É uma agenda tosca na sua formulação e extremamente autoritária e antidemocrática em seu conteúdo, mas tem grande potencial mobilizador de adeptos em amplos setores precarizados pelo desemprego e informalidade, sem perspectivas para suas vidas. O “mal-estar” público é visto por uma ótica moral e falta de poder forte que reprime e prende os “maus” e corruptos. A economia e o livre mercado não funcionam devido ao excesso de direitos, leis, regulamentos, impostos, funcionários e políticas do Estado, que beneficiam preguiçosos e ineficientes. O próprio mundo atual é visto com tal viseira, levando o país a um realinhamento com os governos mais autoritários e conservadores da atualidade.

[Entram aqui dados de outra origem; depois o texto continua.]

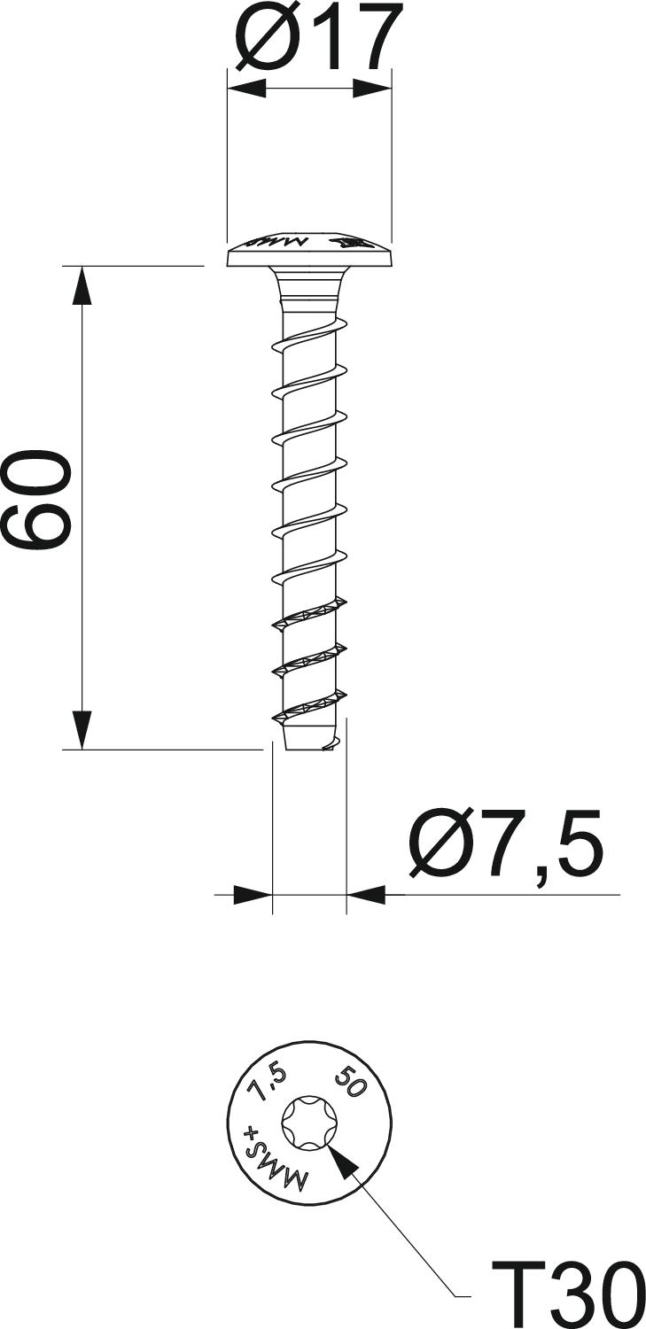 Color zinc Diámetro de la cabeza 17 mm Diámetro de rosca ST 7,5 Diámetro del orificio mín. 6 mm Dimensión 7,5x60 endurecido sí Espesor de apriete 25 mm Fire resistance class EN 13501-1 R30, R60, R90, R120 Forma de la cabeza Cup head Longitud 60 mm Longitud del taco 60 mm Material Acero Medida L 60 mm Profundidad del agujero 40 mm Rosca 7,5 Sistema roscado Torx Superficie Galvanizado Tamaño 7,5 x 60 - Todos los tipos

Na prática, tal agenda tem, sim, provocado estragos de monta e está desfigurando a Constituição de 1988 no que ela tinha como viés democratizador, especialmente nas políticas sociais – trabalho, saúde, educação, previdência – , na ciência e tecnologia,  na questão ambiental e na proteção de povos originários e tradicionais.  Ao mesmo tempo, ao reduzir o papel do Estado nestas áreas e ao restringir a sua intervenção na economia, está abrindo as portas para o mais desastroso modelo de livre mercado e capitalismo selvagem, extrativista e rentista, com integração subordinada na dinâmica global. Assim, a agenda se torna adequada a uma classe dominante cínica, herdeira de uma mentalidade colonialista, escravocrata e racista, patriarcal, violenta, aferrada aos seus privilégios. Conta também com a adesão interesseira de estratos médios subservientes tanto aos “donos de gado e gente”, extrativistas, como aos rentistas e sugadores de recursos públicos.

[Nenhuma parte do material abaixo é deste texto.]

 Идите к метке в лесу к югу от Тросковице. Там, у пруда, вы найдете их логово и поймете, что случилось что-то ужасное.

Na verdade, entre nós, tal processo de desmanche de imaginários democráticos mobilizadores para outro Brasil e outro mundo não começam com o atual governo do capitão e seu bando de asseclas. Ele se acentua agora e parece mais ameaçador, pois não esconde sua inspiração autoritária, até fascista, como o discurso do secretário da cultura, já demitido, demonstrou cabalmente. Mas até um dos filhos do capitão já defendeu a volta do famigerado AI-5 em caso de ameaças de ruptura cidadã diante do que o governo tenta impor ao país. O fato é que existe um autoritarismo ainda forte na sociedade e que deixou o armário, apoiando o capitão.

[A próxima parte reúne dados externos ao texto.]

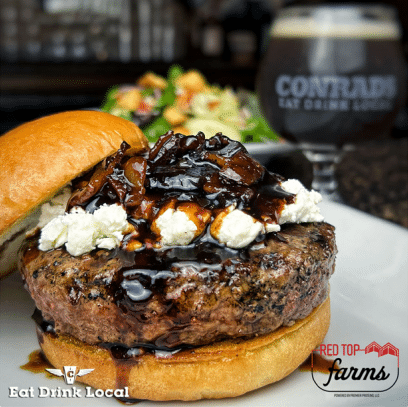 red top farms • goat cheese • bacon balsamic reduction • caramelized onions • brioche buns

Porém, meu objetivo com esta crônica não é esmiuçar a conjuntura e se render a ela. Pelo contrário, gostaria de convidar para um olhar mais estratégico sobre ela e as possibilidades que ela carrega, revelando e escondendo ao mesmo tempo. Transcorrido um ano de governo, a gente pode mapear as iniciativas suas que não deram certo, por serem tão descabidas que esbarram no bom senso ou por serem anticonstitucionais, por falta de base parlamentar para aprovar, por encontrarem em alguma forma de resistência institucional ou cidadã. Tivemos uma profusão de medidas provisórias, projetos de lei, discursos descabidos e que envergonham a gente, acusações e agressões, notícias falsas em redes sociais, conluios de bastidores, trocas de ministros e assessores de primeiro escalão, desconfianças e traições mais do que acordos. Alguns asseclas são aplicados e eficientes em sua capacidade destrutiva, como o economista fundamentalista do livre mercado Paulo Guedes, o ministro do desmatamento e do fogo para o meio ambiente Ricardo Salles, a ministra do agrotóxico para o agronegócio Tereza Cristina. E figuras patéticas como o diplomata terraplanista Ernesto Araújo, titular do Itamaraty, a ministra do rosa e azul Damares Alves, o ministro de educação que nem sabe escrever direito Abraham Weintraub e, enfim, muitos militares de patente em postos chaves, mas nos bastidores e de algum modo subordinados ao capitão.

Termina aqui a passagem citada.